During active uterine infection the endometrium increases expression of inflammatory markers and alters prostaglandin secretion [13, 14]. Surprisingly, even after the clearance of infection, persistent changes to the transcriptome of granulosa cells, endometrium and oviduct tissues are apparent in cows months after uterine infection, demonstrating uterine infection imparts a long-term impact on reproductive tissues that may contribute to altered fertility of cows after resolution of uterine disease [15, 16]. In healthy cows, the endometrial environment during early pregnancy (days 15–17) is largely influenced by the secretion of interferon-tau (IFNT) by the conceptus which drives maternal recognition of pregnancy. Many interferon-inducible genes such as ISG15, MX1, MX2, OAS1, and STAT1, are upregulated in the endometrium of pregnancy in healthy cows compared to cycling cows at the time of maternal recognition of pregnancy [1719]. However, it remains unclear which of these genes are essential for pregnancy, and whether the detrimental effects of uterine infection are evident in the endometrial transcriptome of pregnancy.
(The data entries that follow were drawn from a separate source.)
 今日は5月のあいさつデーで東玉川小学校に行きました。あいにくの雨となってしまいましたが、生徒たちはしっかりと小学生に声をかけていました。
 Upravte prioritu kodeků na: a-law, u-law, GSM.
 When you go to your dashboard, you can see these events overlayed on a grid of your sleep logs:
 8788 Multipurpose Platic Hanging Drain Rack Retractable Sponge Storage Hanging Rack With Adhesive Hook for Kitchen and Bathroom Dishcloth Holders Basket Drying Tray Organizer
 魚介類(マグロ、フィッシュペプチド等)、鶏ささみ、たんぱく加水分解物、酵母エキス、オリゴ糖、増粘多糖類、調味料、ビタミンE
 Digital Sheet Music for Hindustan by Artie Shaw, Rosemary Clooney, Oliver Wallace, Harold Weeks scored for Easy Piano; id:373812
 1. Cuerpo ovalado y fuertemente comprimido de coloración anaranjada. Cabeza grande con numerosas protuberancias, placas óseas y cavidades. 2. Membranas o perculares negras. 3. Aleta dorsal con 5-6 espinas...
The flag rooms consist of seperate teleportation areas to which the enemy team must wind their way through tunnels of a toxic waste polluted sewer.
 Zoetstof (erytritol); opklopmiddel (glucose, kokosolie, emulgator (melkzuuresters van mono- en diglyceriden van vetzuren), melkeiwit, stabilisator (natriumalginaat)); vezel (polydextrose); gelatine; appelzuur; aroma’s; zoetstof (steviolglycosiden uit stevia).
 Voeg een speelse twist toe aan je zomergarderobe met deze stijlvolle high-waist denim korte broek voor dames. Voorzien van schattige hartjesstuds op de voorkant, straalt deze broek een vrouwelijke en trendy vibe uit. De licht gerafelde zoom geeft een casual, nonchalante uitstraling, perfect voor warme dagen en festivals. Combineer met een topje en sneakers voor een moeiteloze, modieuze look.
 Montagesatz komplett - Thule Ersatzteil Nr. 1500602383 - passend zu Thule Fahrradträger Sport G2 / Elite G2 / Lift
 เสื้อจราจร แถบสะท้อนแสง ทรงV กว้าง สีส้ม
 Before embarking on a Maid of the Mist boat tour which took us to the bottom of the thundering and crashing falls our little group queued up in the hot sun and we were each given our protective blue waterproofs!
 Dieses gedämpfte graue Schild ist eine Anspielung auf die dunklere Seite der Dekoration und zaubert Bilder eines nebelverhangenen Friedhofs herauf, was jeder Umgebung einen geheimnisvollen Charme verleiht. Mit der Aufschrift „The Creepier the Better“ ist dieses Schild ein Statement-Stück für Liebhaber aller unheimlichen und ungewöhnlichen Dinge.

To disentangle the effects of age, lactation, and the postpartum period, we took advantage of nonlactating, primiparous cows that were subjected to experimental uterine infection with pathogenic bacteria [10]. We hypothesized that uterine bacterial infection alters the endometrial transcriptomic signature of pregnancy after the resolution of disease. Using endometrial tissues collected from a previous experiment [10], we evaluated the endometrial transcriptome of pregnant and non-pregnant cows 146 days after intrauterine infusion with pathogenic bacteria. We then used bioinformatics to compare the endometrial transcriptome of previously infected cows with the endometrial signature of pregnancy in healthy cows from previous studies. Finally, we verified the discrepancies between the infected and healthy cows using qPCR for selected genes from cows infused with bacteria or vehicle medium. We found that there is a consistent endometrial transcriptomic signature of pregnancy regardless of prior uterine infection. However, some pregnancy-associated genes were not altered in cows after uterine infection, while a cohort of unique pregnancy related genes were identified in cows after infection. The absence or presence of these defined genes may contribute to the subfertility observed in cows after uterine infection.

Materials and methods

The University of Florida Institutional Animal Care and Use Committee approved all animal procedures (protocol number 201508884). The experiment was conducted from February to August 2018 at the University of Florida Dairy Research Unit. Methodology and data pertaining to intrauterine infusion, disease progression, ovarian function, developmental competence of oocytes after in vitro fertilization, and embryo quality have been previously reported [10]. All previous analysis was performed comparing vehicle infused cows with bacteria infused cows, regardless of pregnancy status [10]. Briefly, 23 two-year old primiparous non-lactating Holstein cows had estrous cycles synchronized prior to the intrauterine infusion of vehicle medium (n = 11) or Escherichia coli MS499 and Trueperella pyogenes MS249 (n = 12), designated as day 0 of the experiment. On experimental day 110, estrous cycles were synchronized and on experimental day 130, all cows were artificially inseminated with 500 μL of commercial semen from the sire Passat 7HO12659 (Select Sires, Plain City, OH). All cows were slaughtered by captive bolt followed by exsanguination at a USDA approved abattoir on experimental day 146, sixteen days after insemination to determine pregnancy status by flushing of the uterus. The uterine horn ipsilateral to the corpus luteum was opened and intercaruncular endometrium was dissected with sterile forceps and scissors, snap frozen in liquid nitrogen and stored at -80°C until processed for RNA sequencing. No cows had clinical signs (vaginal discharge, uterine pus, fever) of uterine infection at the time of insemination (day 130) or slaughter (day 146).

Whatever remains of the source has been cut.